CAST('<x>' + REPLACE(EmailName,'_','</x><x>') + '</x>' AS XML).value('/x[3]','nvarchar(max)')

This is pretty simple as we can use the above solution with AS XML and value() to gather the string.

2 – Starting point :

Even easier, this can simply be ‘1’ as it will start from the first character.

3 – Char length of Substring:

LEN( CAST('<x>' + REPLACE(EmailName,'_','</x><x>') + '</x>' AS XML).value('/x[3]','nvarchar(max)')) /* Length of the String */

 -   /* Minus */

CHARINDEX('-', REVERSE(CAST('<x>' + REPLACE(EmailName,'_','</x><x>') + '</x>' AS XML).value('/x[3]','nvarchar(max)'))) /* Length of the last node */

Now this is the tricky part. To gather the length that the Substring should continue on for requires a bit of math.
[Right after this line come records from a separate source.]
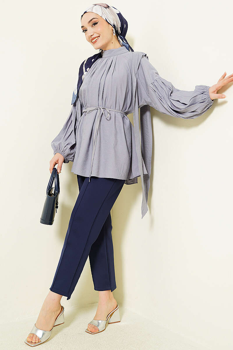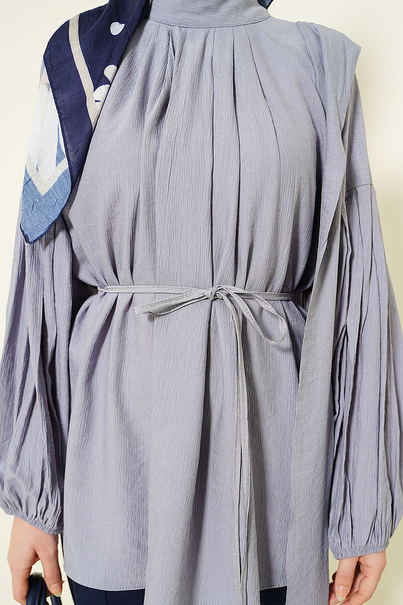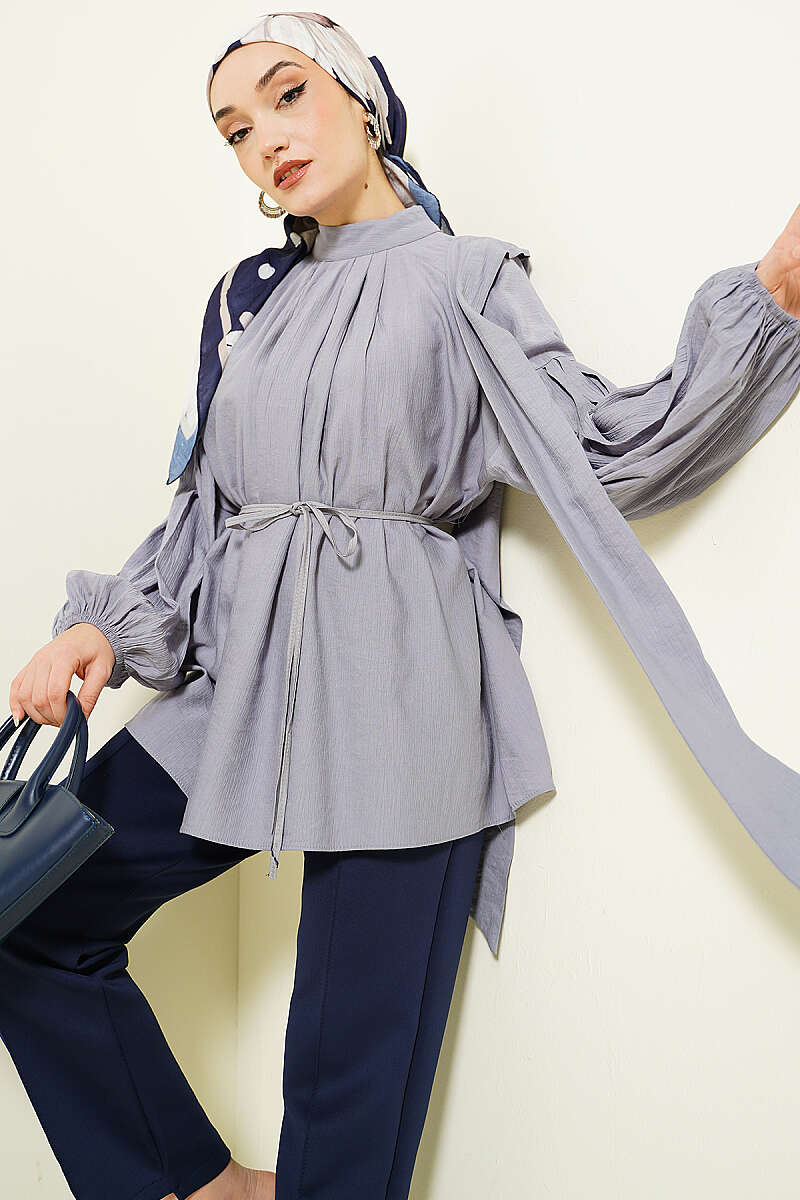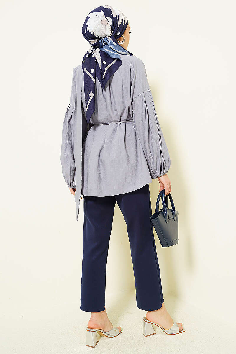 Kat Kat Detaylı Büzgülü Gömlek Mavi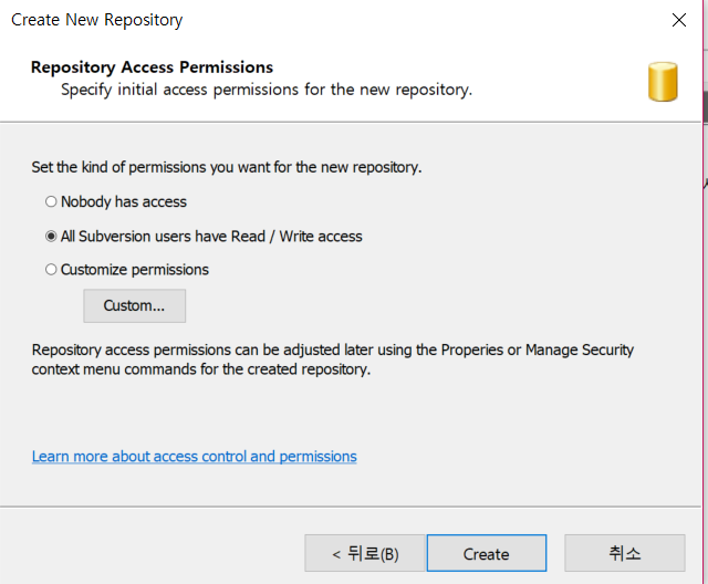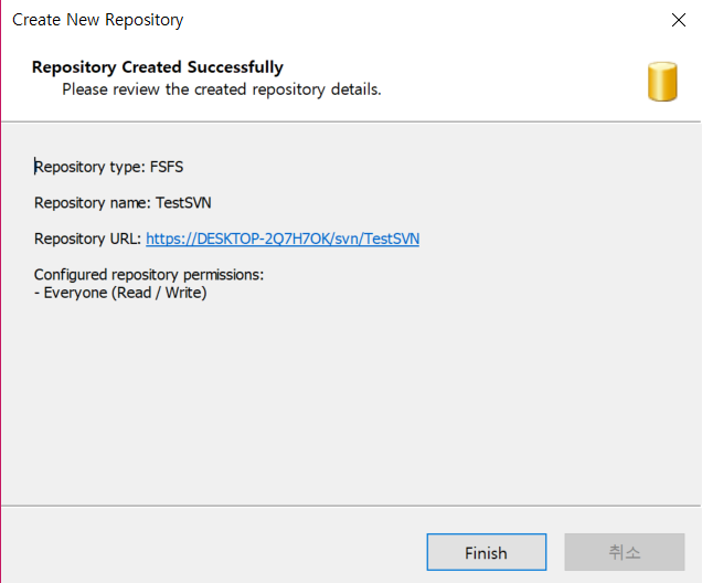 이렇게 생성한 SVN은 프로젝트 내 문서를 여러사람이 공유해서 작업할 때 사용하면 됩니다.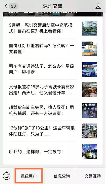 2、深圳交警权威发布:点击 菜单栏“星级服务”-“星级用户”;深圳交警:点击 菜单栏“星级用户”。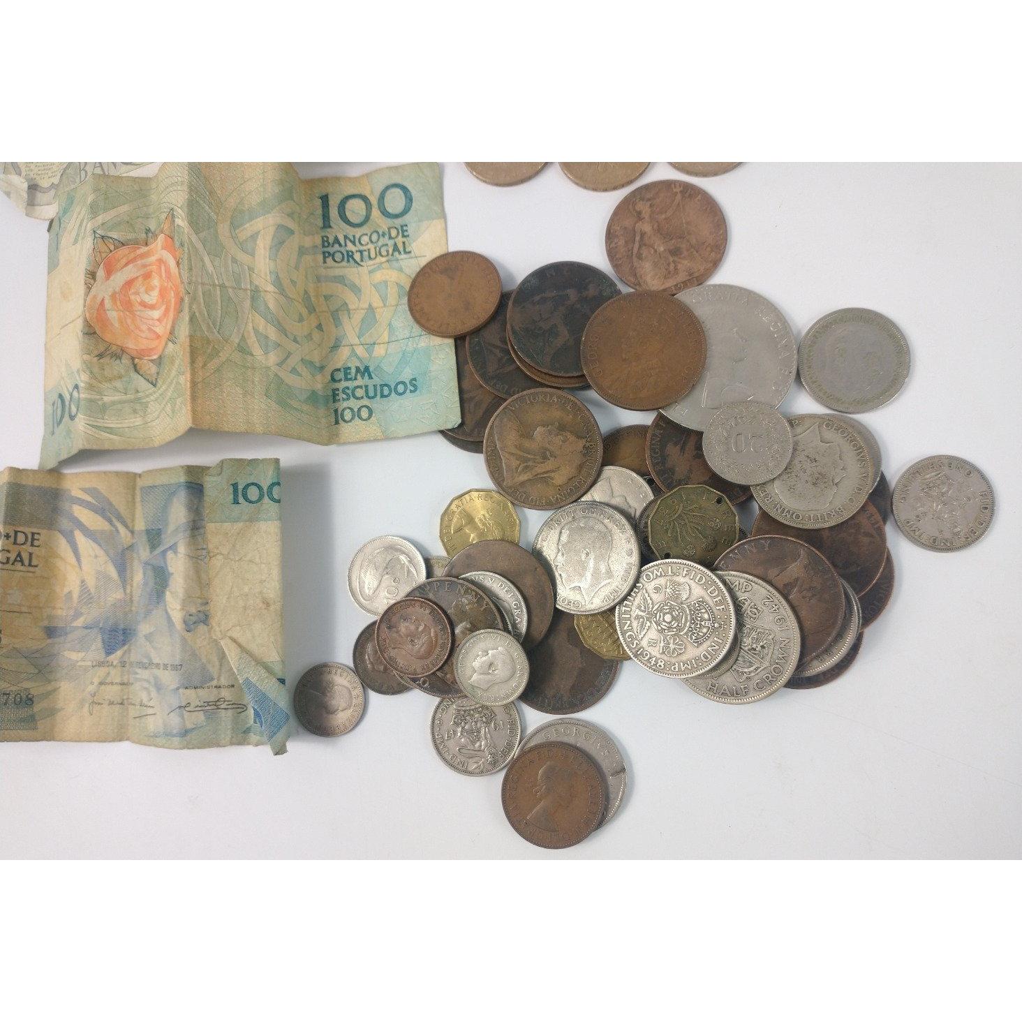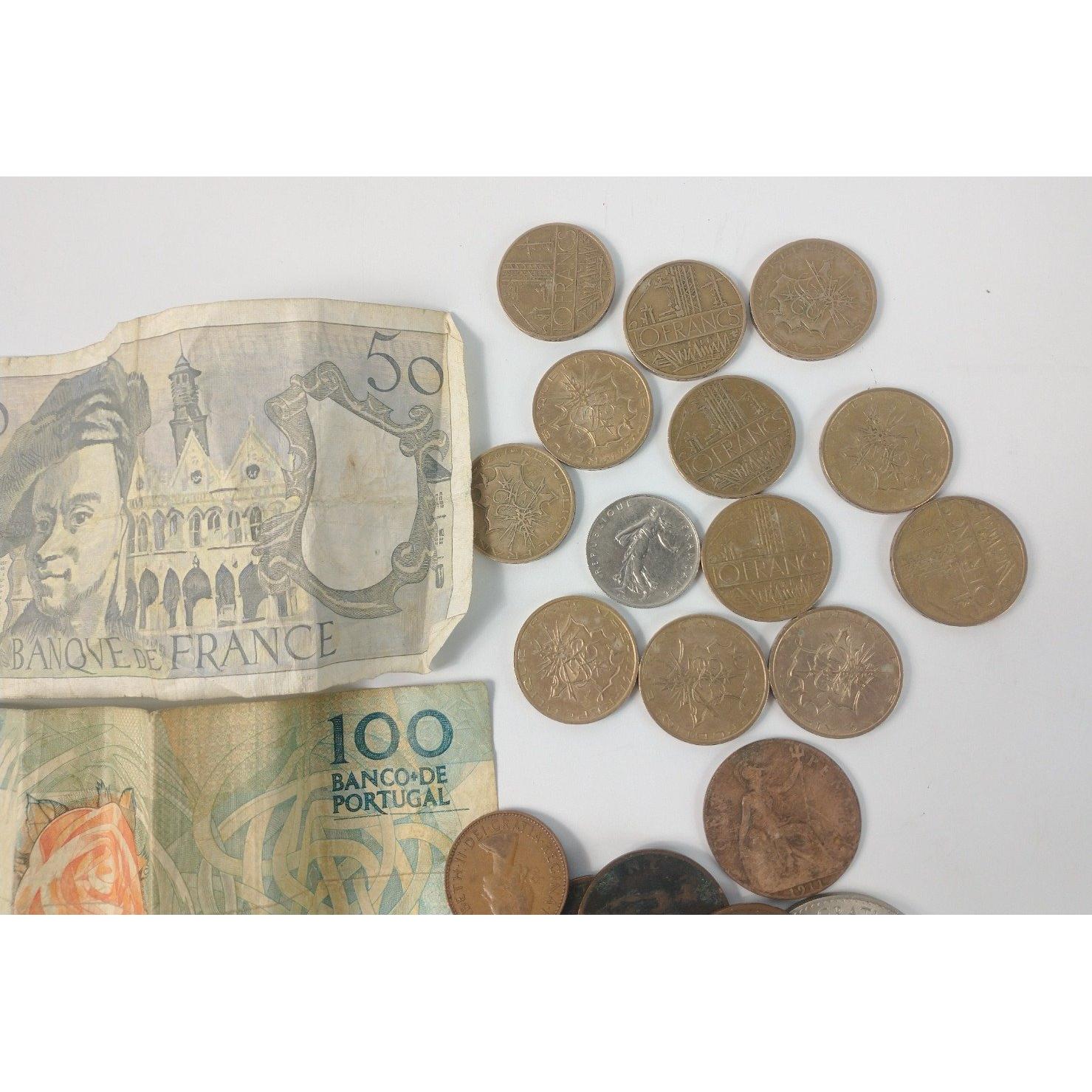 A 50 Franc Banknote 1982(corner edge torn and folded in several places) with twelve 10 Francs coins and a silver 1 franc coin , with also BRITISH coins to include also an 1834 William lV silver sixpence, vintage 20th century British coinage, two shilling coins, one Penny coins Victoria etc and Florin coins etc, also Two 100 Escudos bank notes(in used worn condition) etc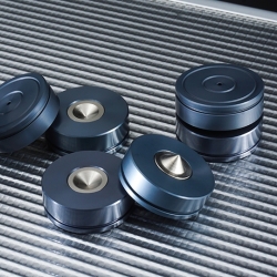 我們知道這個狀況,針對書架型揚聲器、前級、DAC、轉盤、綜擴……等中小型設備,推出MA-3512B腳墊,結構中心採用高剛性碳鋼材質,外圈則是以複合金鋁削銑成型,並在側面與底部削出多道淺溝,讓諧振消散更加有效率,接著經過多道細緻打磨後,最後在處以一道表面強化的陽極處理。淺凹槽設計的MA-3512B,主要針對輕量級器材做使用,搭配對應的「MA-3512A」角錐,儘量將重心放低、將諧振導散,讓聲音拓展開來,重拾音樂裡的細節,高低頻段同時向兩端更加延伸開來,如此就能聽見更寬鬆自在的舒適之音。玩家在使用這類腳釘墊時,將會發現聲音會立刻變得鮮活生動,音場與細節立刻開展出來,而在片刻之後,裝載時的接觸點瞬間應力消除後,聲音表現將會更進一步的提升。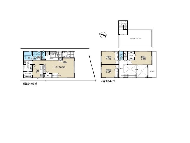 | 築年月 | 2021年11月築 | 間取り | 3LDK (LDK18.2/洋室6.8/洋室5.3) | ||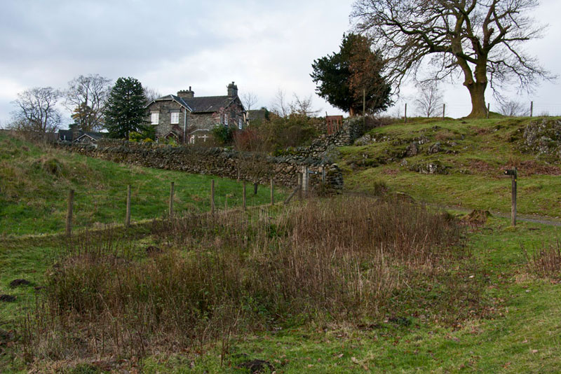 Finally this brought us again to the main Ambleside to Coniston road. A busy road, dangerous for pedestrians, so the kissing gate on the right giving access to a fenced path behind the wall was very welcome. This once again comes out onto the road at High Oxen Fell Cross.
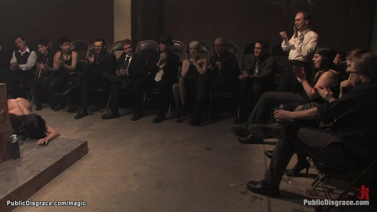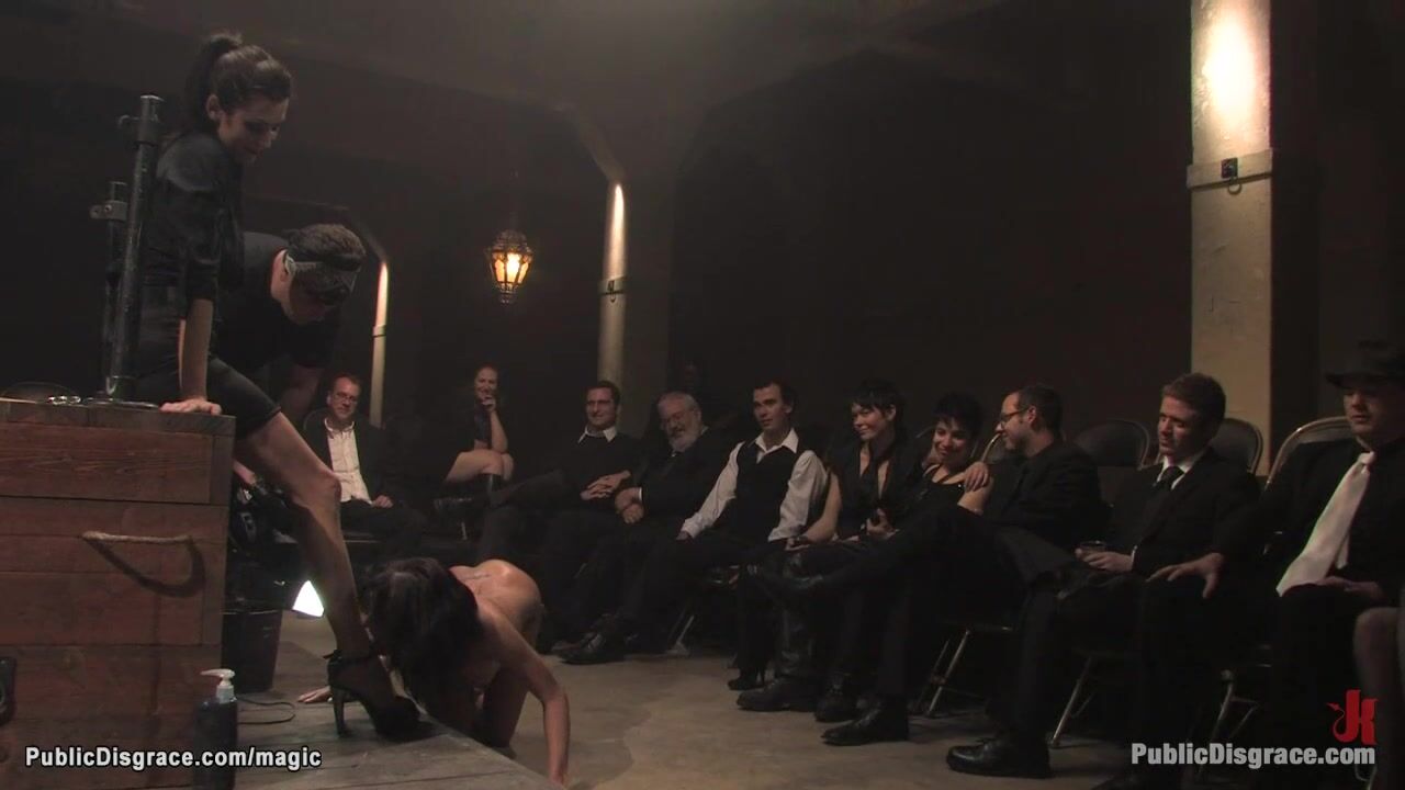 Description: Bound on knees and bent forward with hands in strappado hot brunette French slave Cecilia Vega gets mouth and anal fucked in public by big cock John Strong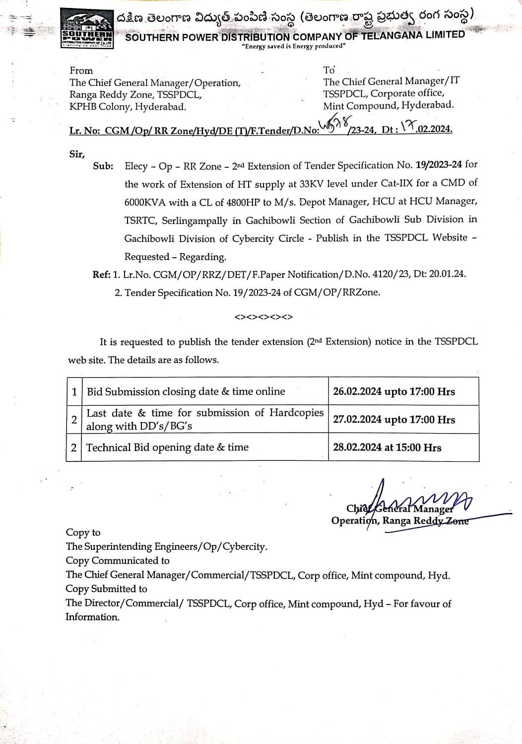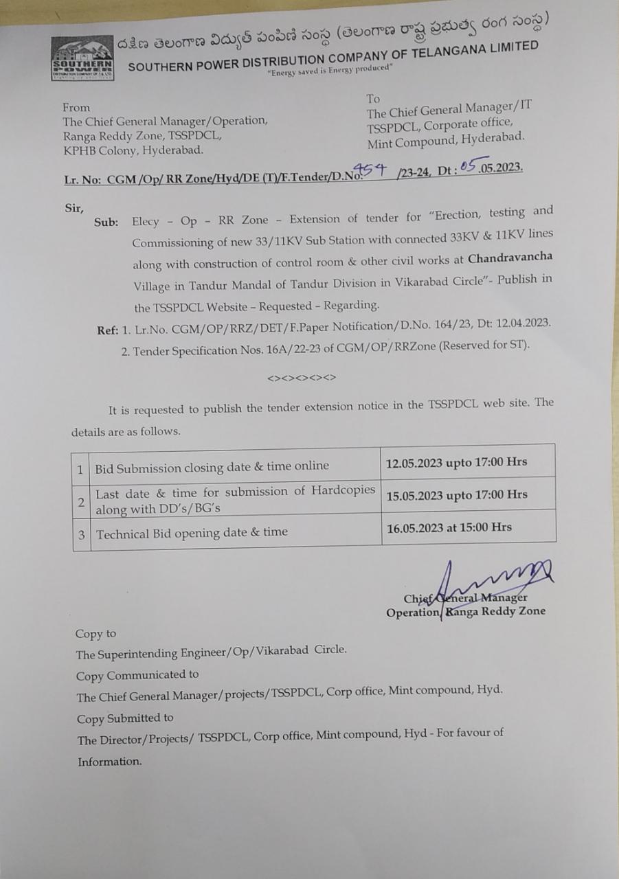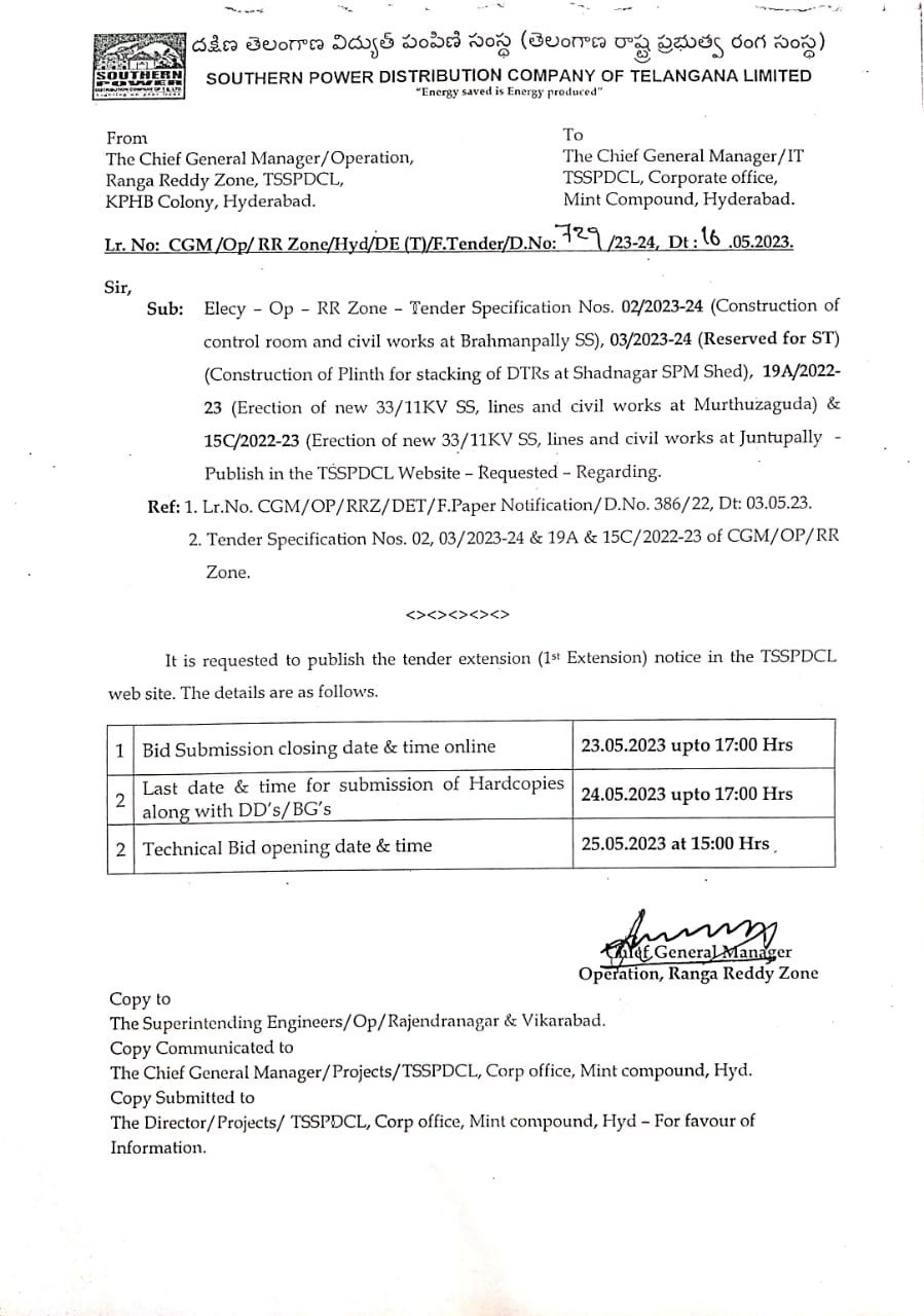 E-Procurement Tender Notice.01/2023-24. Tender Specification No:01 02/2023-24 1st extension extension of specification No.17/2022-23 Chief General Manager Operation, Rural Zone,TSSPDCL,Gagan Vihar, Nampally, Hyd.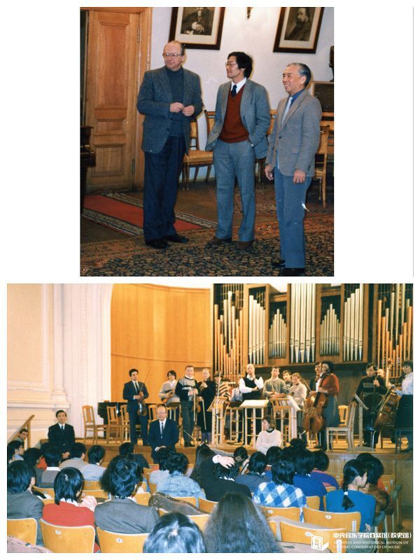 上图,吴祖强(右)、陈佐湟(中)参观莫斯科柴科夫斯基音乐学院

Now, this in itself isn’t all that difficult, but add in that its a rowset of a rowset and you have yourself a bit of complexity inside that simplicity.

Basically the above is taking the full length of the String (node 3) and subtracting the length of the last node of the String (node 3 – 3).

To gather this, we first use the LEN() function to get the strings length.

Next we use ‘-‘ to denote the subtraction

Then we use CharIndex() and REVERSE() to get the index of the beginning of the last node, which will actually be the full length of the node as (via REVERSE) the string is now completely backwards.

This should now Output: Newsletter-August

Next we need to get only the value in the last node inside of a node.

This is very similar to how we gathered the remainder nodes above. You mostly just reverse the starting and length positions:

SUBSTRING(
 CAST('<x>' + REPLACE(b.DataExtension,'_','</x><x>') + '</x>' AS XML).value('/x[3]','nvarchar(max)'),
 LEN(CAST('<x>' + REPLACE(b.DataExtension,'_','</x><x>') + '</x>' AS XML).value('/x[3]','nvarchar(max)')) - CHARINDEX('-', REVERSE(CAST('<x>' + REPLACE(b.DataExtension,'_','</x><x>') + '</x>' AS XML).value('/x[3]','nvarchar(max)'))) + 2,
 LEN(CAST('<x>' + REPLACE(b.DataExtension,'_','</x><x>') + '</x>' AS XML).value('/x[3]','nvarchar(max)'))
)

As you can see above, it is utilizing another Substring() to accomplish the task.

1 – String to cut:

CAST('<x>' + REPLACE(EmailName,'_','</x><x>') + '</x>' AS XML).value('/x[3]','nvarchar(max)')

This is pretty simple as we can use the above solution with AS XML and value() to gather the string.

2 – Starting point :

LEN(CAST('<x>' + REPLACE(b.DataExtension,'_','</x><x>') + '</x>' AS XML).value('/x[3]','nvarchar(max)'))
 - 
CHARINDEX('-', REVERSE(CAST('<x>' + REPLACE(b.DataExtension,'_','</x><x>') + '</x>' AS XML).value('/x[3]','nvarchar(max)')))
 + 
2

This is where most of the complexity comes from as we need to find the place that the final delimiter takes place. It is almost a carbon copy of what was used inside the ‘Char Length’ section above. The major change is the ‘+ 2’ added at the end. This is to remove the delimiter from the string that is output

3 – Char length of Substring:

LEN(CAST('<x>' + REPLACE(b.DataExtension,'_','</x><x>') + '</x>' AS XML).value('/x[3]','nvarchar(max)'))

Although this may look confusing, it is just taking the length of the string (node 3) and setting it to the character length.

This should now Output: Customers

This is not an everyday use case, but it does allow for some pretty powerful segmentation and reporting when used.